May 27, 2022 - News

New college graduates reap the benefits of best market in decades

Illustration of increasingly desperate "now hiring" signs

Illustration: Sarah Grillo/Axios

Students graduating college this spring are entering what many career experts say is the best job market in years.

What's happening: Minnesota has a record low unemployment rate of 2.2%. Plus, college grads can now take jobs at faraway companies and work remotely in the Twin Cities, further expanding their options.

  • "This is the best job market in decades," said Mick Doherty, executive president of Dahl Consulting, an Edina-based staffing and recruiting firm.

Why it matters: Unlike their millennial cousins, new Gen Z grads get to be selective in where they work and have the leverage to command larger starting salaries.

What they're saying: "We're absolutely seeing that students who are getting multiple offers can be a little pickier," said Bryan Shealer, senior associate director for employer and alumni relations at St. Olaf College.
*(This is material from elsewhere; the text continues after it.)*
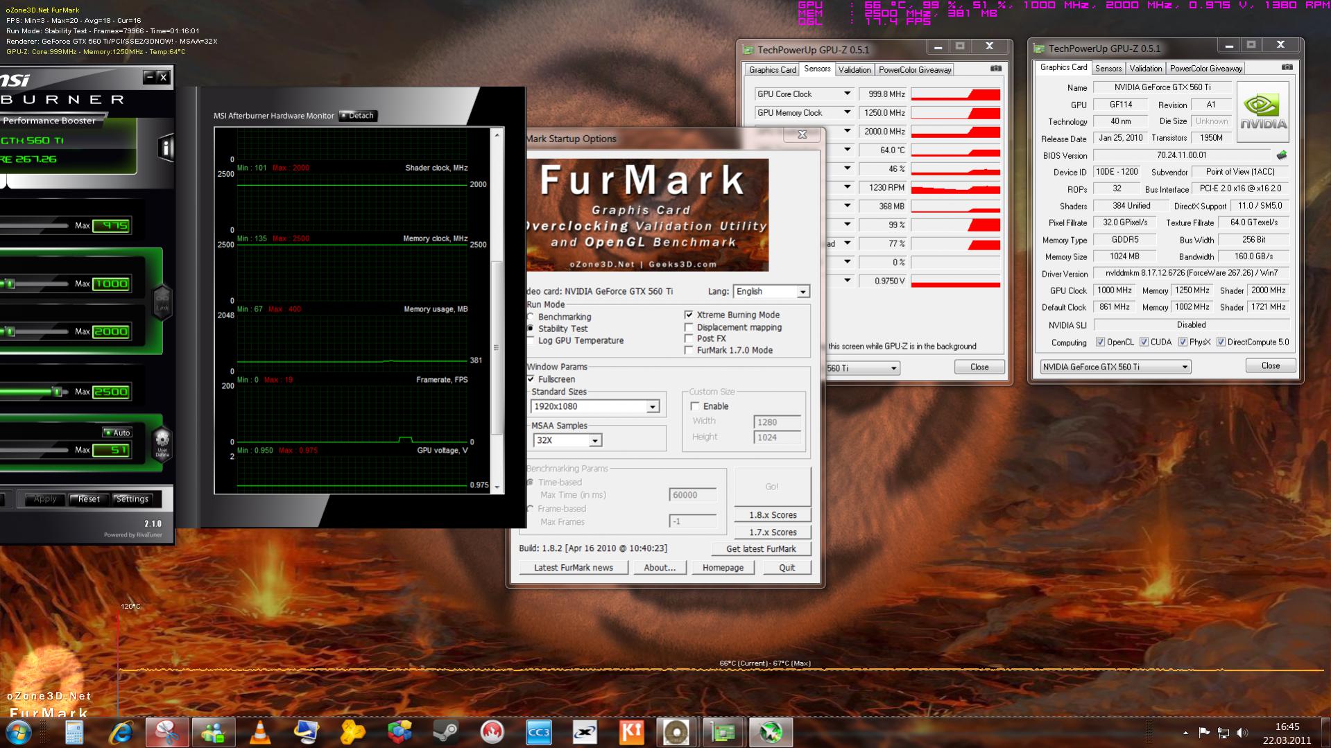 ich habe mcih gestern mal ragesetzt und meine EVGA GTX560 Ti übertaktet (Werksmäßig auf 851/1702/2045) Habe sie Problemlos auf 900/1800/2100 bringen können, alles was darüber kommt, führte zu Abstürze im Benchmark usw.

  • At the University of Minnesota, career fairs now have more employers and fewer students, said interim senior director of career services Sara Nagel Newberg.
  • "Employers are trying to figure out how they can do more to reach our grads," she added. "I haven't seen employers this stressed."

Between the lines: It's not just bigger salaries that grads want. They're also looking for companies that are a cultural match, provide clear responsibilities and offer flexibility, mainly in the form of hybrid work, Doherty said.

  • The tables have turned in the interview process, he added. "Graduates are interviewing the company to make sure it's a right fit for them."

Zoom in: Minneapolis-based U.S. Bank is being more competitive with sign-on bonuses and relocation expenses, said Vicky Hidalgo, the bank's national leader of early talent. It's also making sure job candidates hear about the company culture.

  • "We're really focused on creating a workplace where everybody has a voice and diverse experiences are valued. I think both of those angles really play into the work that college students want to do," she said.

Yes, but: While the job market is robust, new grads have some challenges.

  • Some will start a job and work completely remotely, which doesn't allow for face-to-face contact.
  • "Recent alumni have said, 'I can't get the mentoring that I need,'" Newberg said. "I've heard an employer — they're fully in-person — and they're finding candidates that are seeking them out because that's the environment they want."

The bottom line: While wages are up, so is inflation. The biggest expense for new grads is an apartment, and the average rent in the metro area is now nearly $1,400, up 4.9% over a year ago.